Pithuwa has 20 such wells. But the electricity to pump the water is obtained by
illegal connections, or “hooking.” FGD participants felt that the Nepal Electricity
Authority should provide meter boxes free of charge for such public wells.
(viii) Rice and oil mills. From 4 to 13 rice and/or oil mills are run by electricity in each
sample VDC. There are 20 to 25 rice and oil mills in Motipur and Semalar of
Rupandehi District. Participants noted that running rice and oil mills on electricity is
cheaper than by diesel.
(ix) Poultry farms. Poultry farms are mushrooming in most of the sample VDCs as a
result of electrification. In Pipale alone, about 100 households have poultry farms.
Some of the poultry farms have a capacity of raising 20,000 to 25,000 chickens.
Owners of poultry farms also use electricity to make chicken feed. These
businesses not only provide employment, but also a good income for some
families. Participants all agreed that poultry farming would be almost impossible
without electricity.
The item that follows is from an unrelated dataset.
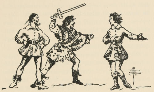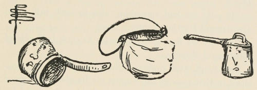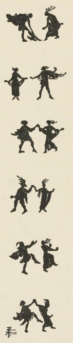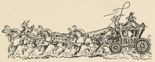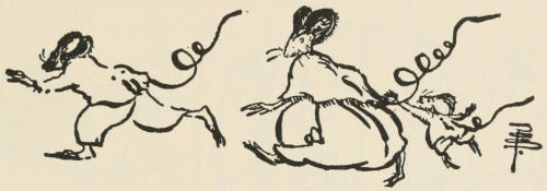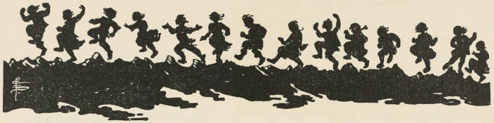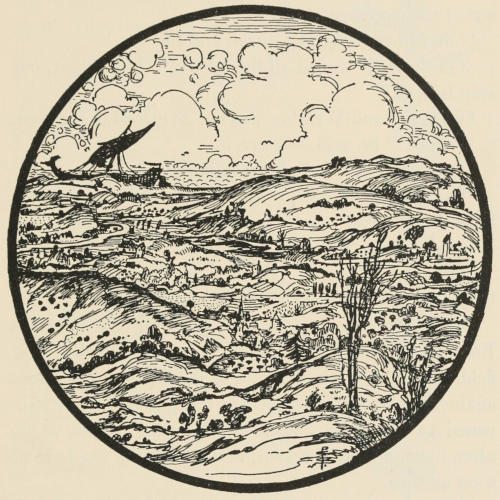 The young giant went on, whistling a little ruefully. Another man passed him, and another,—two or three driving in a tiny cart behind a little animal. Presently they came so thick and fast that Benevaldo had to keep skipping aside to avoid stepping on them. The whole[309] country was dotted with their absurd houses; and he saw now that the green and brown squares must be their fields, and the tiny paths their highways.

Also, furniture factories, saw mills, and beer breweries in Siraha
District use electricity.
4.
Electricity Consumption
5.
Except for factories and poultry farms, electricity consumption for domestic customers is
low. Most households consume 20 to 50 units of electricity per month. Few households use
florescence lights, because the installation cost is high. Normally. 15- to 40-watts bulbs are used
at home. From two to six bulbs are generally used in a household, depending on its income.
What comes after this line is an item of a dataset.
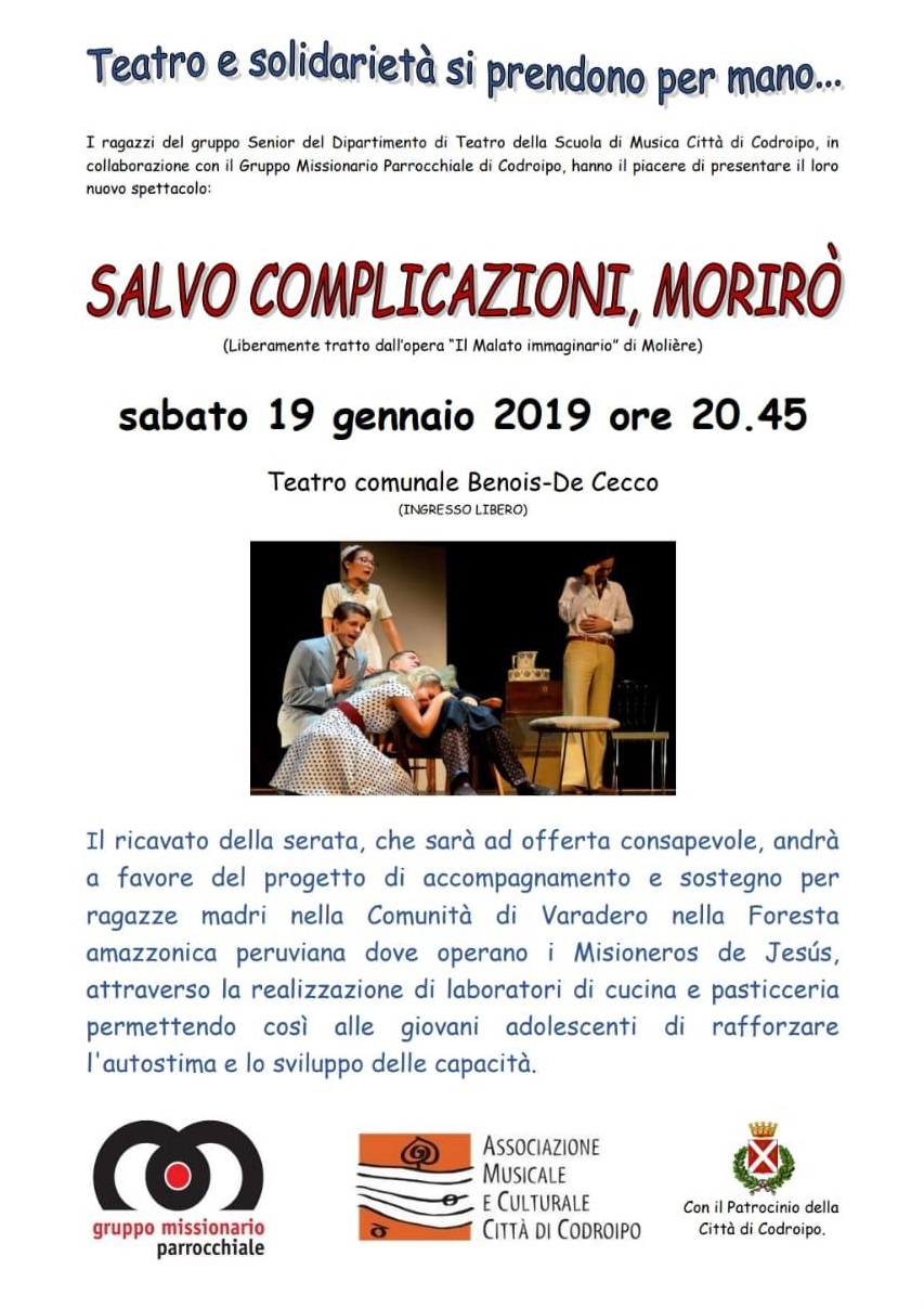 Sabato 19 gennaio 2019, alle ore 20:45 al Teatro Benois-De Cecco di Codroipo, Salvo complicazioni morirò, commedia brillante liberamente tratta dal Malato immaginario di Moliére. Gruppo Senior del dipartimento di Teatro, regia di Monica Aguzzi.

Normally, electricity is used for 3 to 4 hours a day. In some areas of Chitwan and Ruapndehi,
households also use electricity for about 1 hour in the mornings. Electricity consumption is
higher in all sample VDCs during the summer because of the use of electric fans.
5.
Main Beneficiaries
6.
Women have largely benefited from electricity use because (i) electricity makes cooking
easier after dark, (ii) electric lights make it easier to go to the bathroom during the night, (iii) rice
and oil mills are closer to homes, so that women can sleep later in the morning, and (iv) more
women can watch television, either at home or in a neighbor’s home. Students have also
benefited from electricity, mainly because they can study longer.
6.
Major Complaints
7.
All participants considered the electricity tariff high. In all sample VDCs, few consumers
want to consume more than the minimum of 20 units so that the lifeline tariff of Nrs4/kWh can
be applied.
8.
In all sample VDCs, only a few households (30–40%) produce enough food for a year.
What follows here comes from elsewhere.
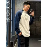 [Абрикос Синий] ATIME Пэчворк Флис Длинный рукав 230г Ткань с термическим эффектом

The others must rely on other activities. Many poor people, although willing to use electricity,
could not afford it because of high initial cost for connection. The installation cost is from
NRs2,000 to NRs3,000, depending on the distance to the connection point. Many rural people
feel that meter boxes should be made available free of charge, so they can afford electricity use
in their homes at the lifeline tariff.
30
Appendix 4
9.
Paying electricity bills has recently become a serious problem for rural people. Because
of the Maoist insurgency, bill payment centers have been moved to either the district
headquarters or large towns. Rural customer must visit such centers to pay monthly bills. In
some areas, customers must pay more than NRs50 for bus fare, plus spend an entire day to
pay a monthly bill of about NRs80.
Management Response on the Project Performance Audit Report (PPAR)
on the Seventh Power Project in Nepal (Loan 1011-NEP[SF])
On 23 July 2004, the Director General, Operations Evaluation Department, received the
following response from the Managing Director General on behalf of Management:
“Management takes note of the lessons identified in the PPAR and will take them into
account for the design of similar future ADB projects.”